**Instructions to follow:**
Look below for the line that contains "GAOMON Upholstered Twin-XL", and write out exactly that line and all remaining lines of the listing, omitting pictures.

**Available data:**
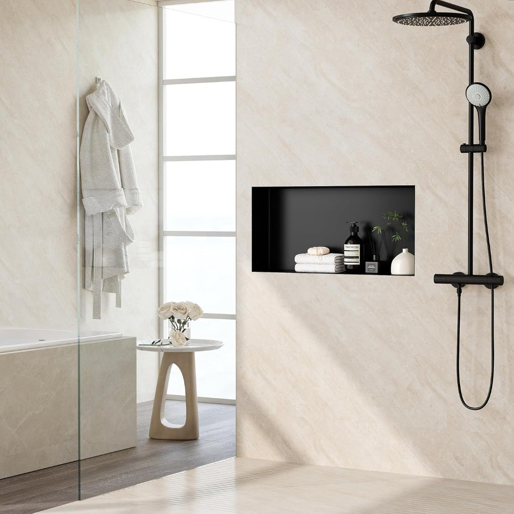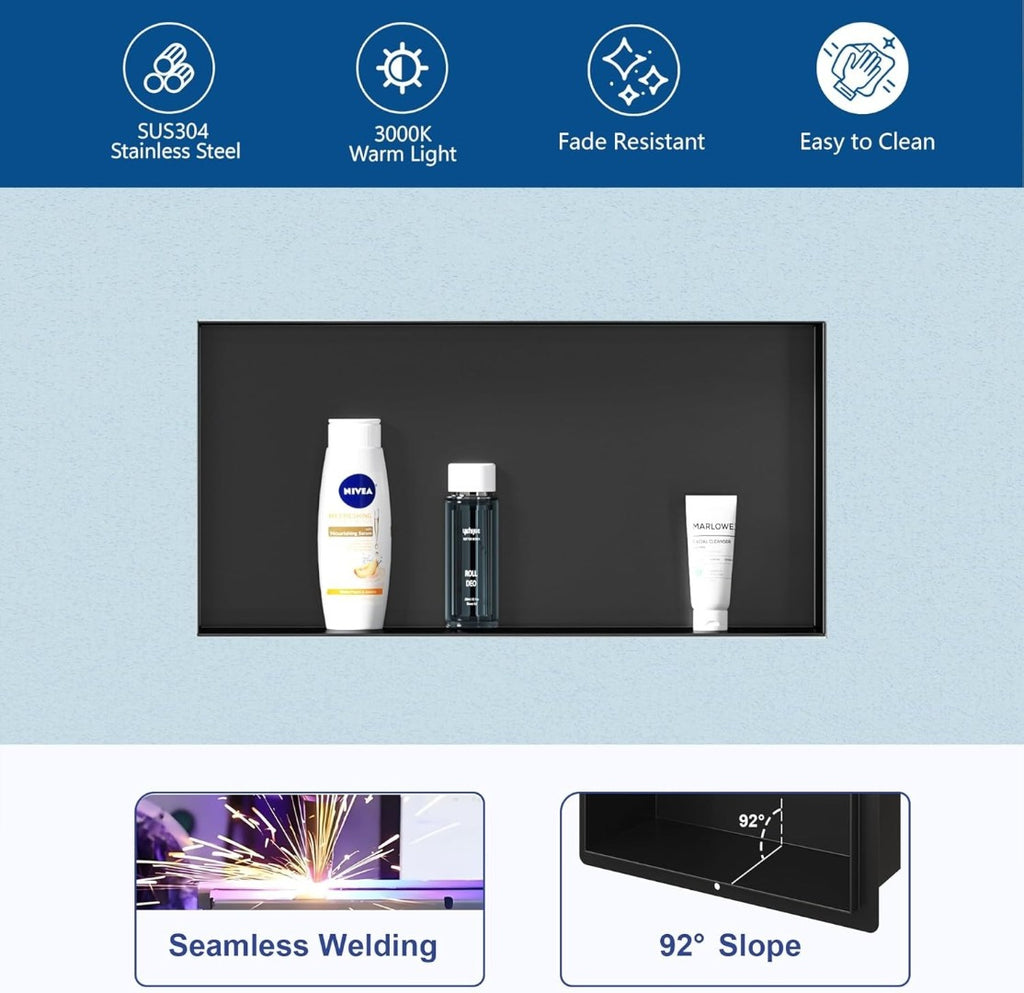 High Quality: Black shower niche made of stainless steel SUS304 with the latest coating for rust and corrosion resistance, durability and easy cleaning, great for wet rooms
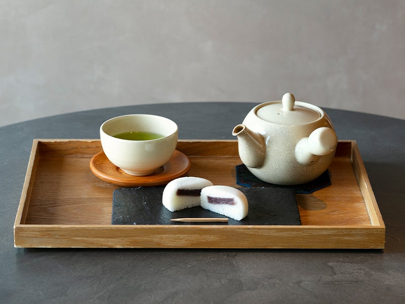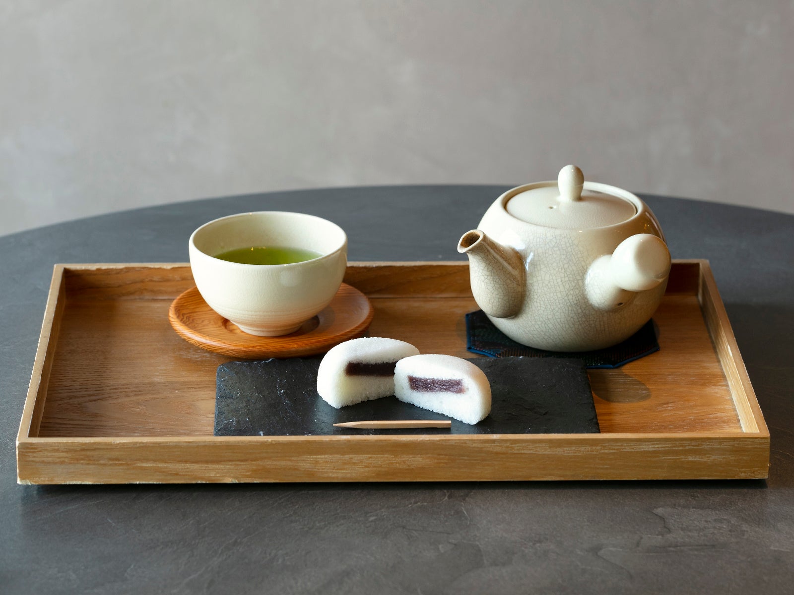 ・お茶を明石屋の「軽羹(かるかん)饅頭」とともに味わう
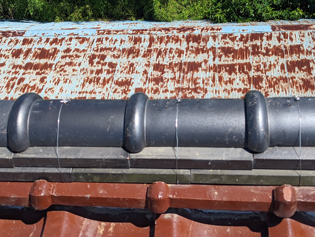 本年より建築基準において瓦葺き屋根は全ての瓦を屋根と金物で緊結することが義務付けられました。今回の地震被害でも古い建物が多く被害を受けていますが、緊結することが難しいケースが多く存在します。古い建物の場合だと屋根事態が歪んでいますので全てを固定しようとすると開きが出来てしまいます。今回の場合は銅締めという工法ですがステンレス線で瓦をしめます。歪んだ屋根に合わせて正確に加工して、適切に積み直すことが出来る職人がいれば日本瓦は本当に半永久的な屋根材だと思います。この工法での施工も当社で多く行っていますが昨年と本年の地震での再被害は出ておりません。
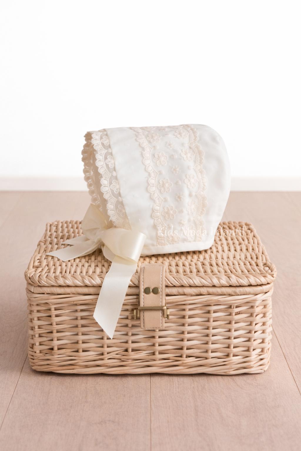 El tejido en tul bodoque beige ofrece una textura suave y ligera, ideal para ceremonias celebradas en épocas cálidas. Su diseño unisex, válido tanto para niño como para niña, lo convierte en una opción versátil y atemporal.
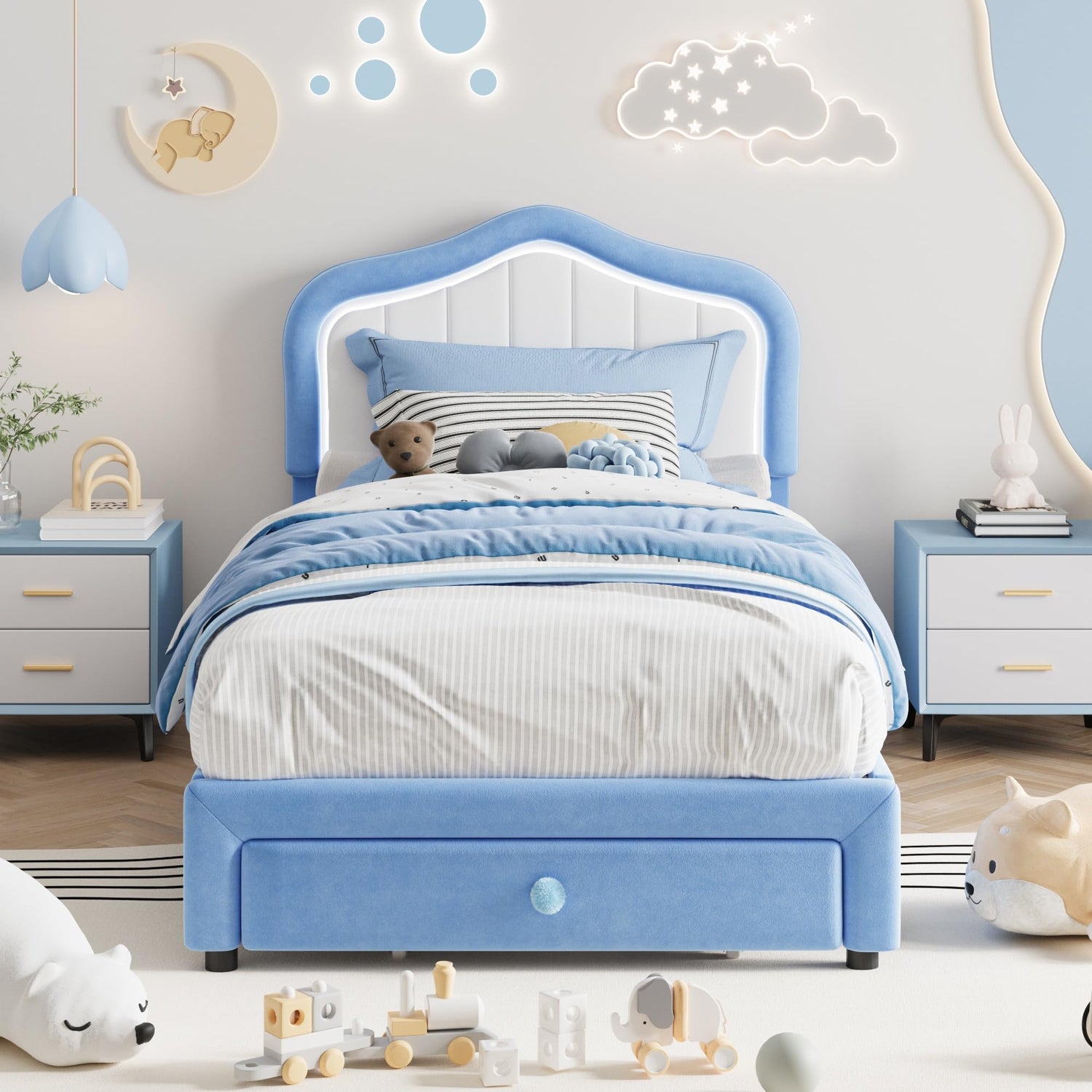 GAOMON Upholstered Twin-XL Size Bed Frame with Smart Led Headboard, Velvet Platform Bed Frame with Storage Drawer for Kids, Wooden Slats Support, No Box Spring Needed, Easy Assembly, Blue
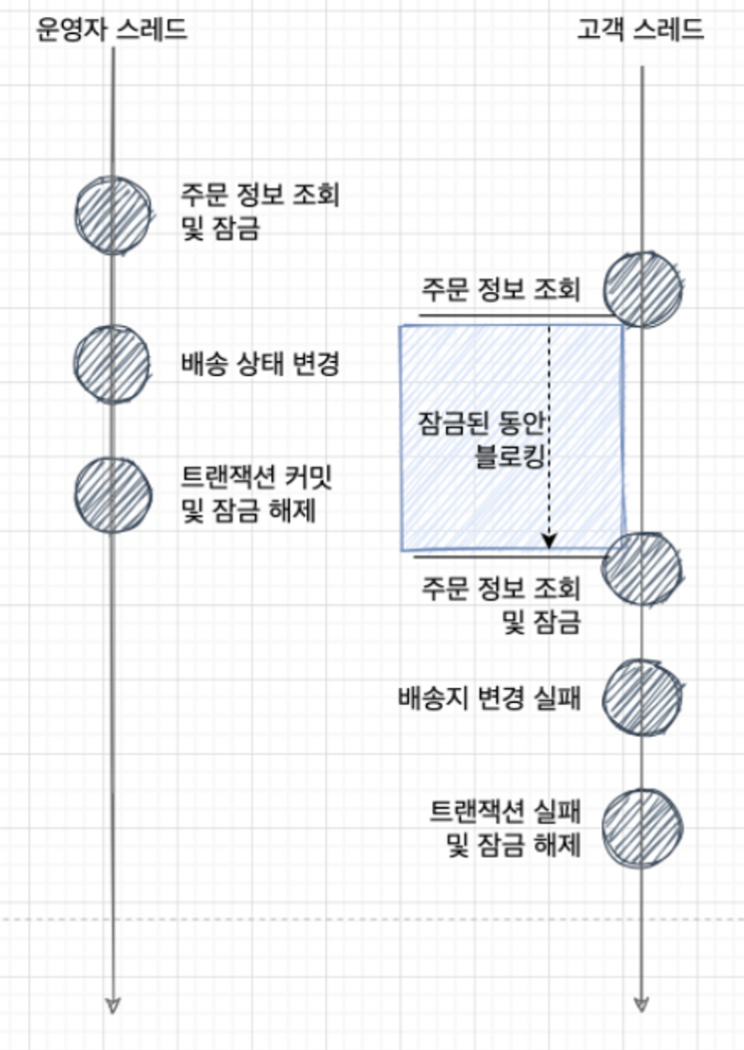 - 운영자가 주문 정보를 조회한다. 이 순간 데이터에 락이 걸린다.
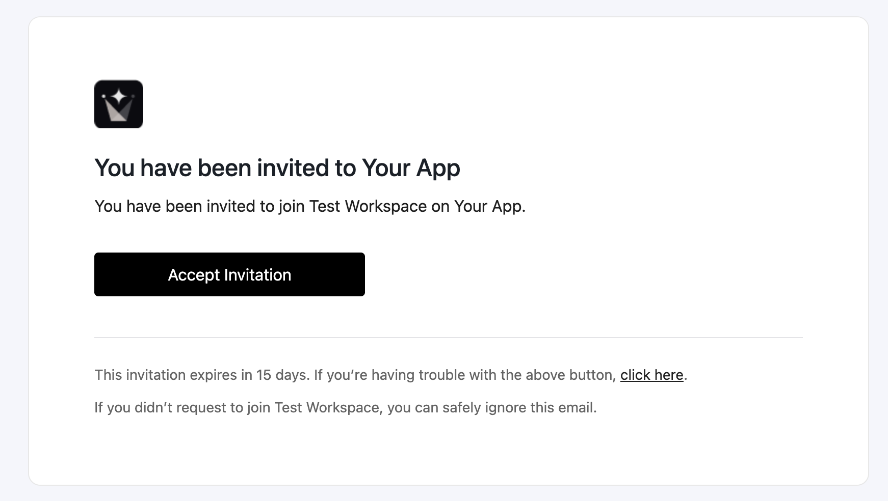 The invitation email includes a secure magic link that allows the user to complete their account setup and join the organization. Each resend operation increments the resend counter. The expiration time stamp is updated if a resend is requested upon the expiry, if not previous expiry timestamp remains.
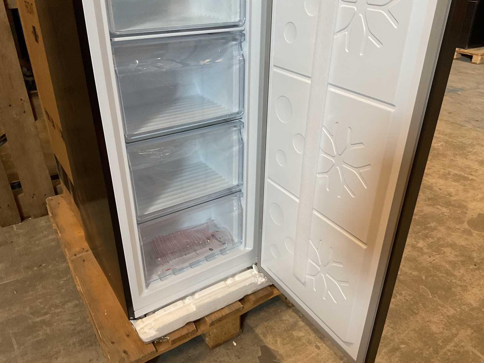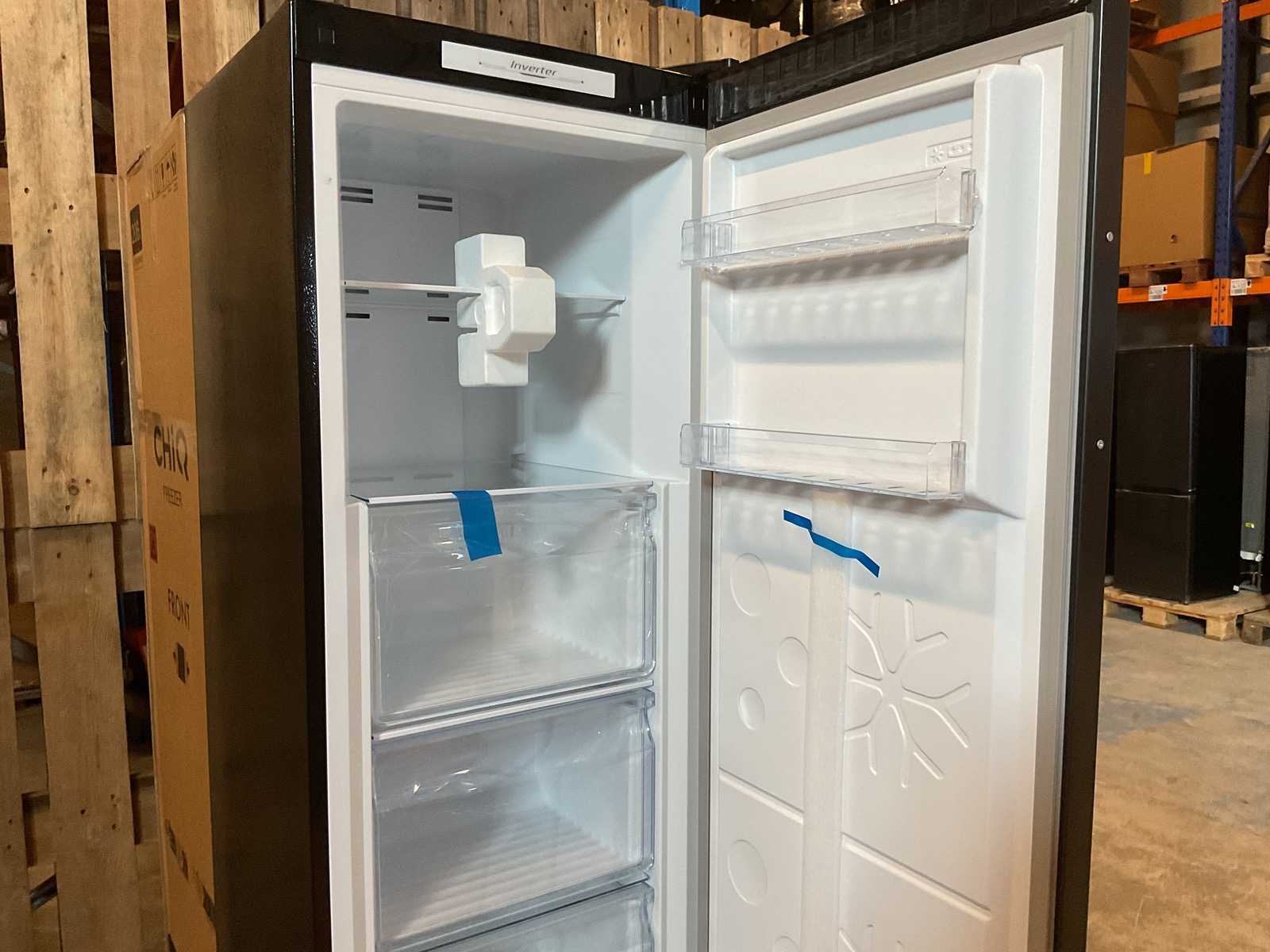 Nieuw, met transport schade Merk: Chiq Model: CSD206NEID Totaal netto inhoud: 206l Lengte: 54.70cm Breedte: 59.90cm Hoogte: 170.50cm

**Output for this exercise:**
 GAOMON Upholstered Twin-XL Size Bed Frame with Smart Led Headboard, Velvet Platform Bed Frame with Storage Drawer for Kids, Wooden Slats Support, No Box Spring Needed, Easy Assembly, Blue
 - 운영자가 주문 정보를 조회한다. 이 순간 데이터에 락이 걸린다.
 The invitation email includes a secure magic link that allows the user to complete their account setup and join the organization. Each resend operation increments the resend counter. The expiration time stamp is updated if a resend is requested upon the expiry, if not previous expiry timestamp remains.
 Nieuw, met transport schade Merk: Chiq Model: CSD206NEID Totaal netto inhoud: 206l Lengte: 54.70cm Breedte: 59.90cm Hoogte: 170.50cm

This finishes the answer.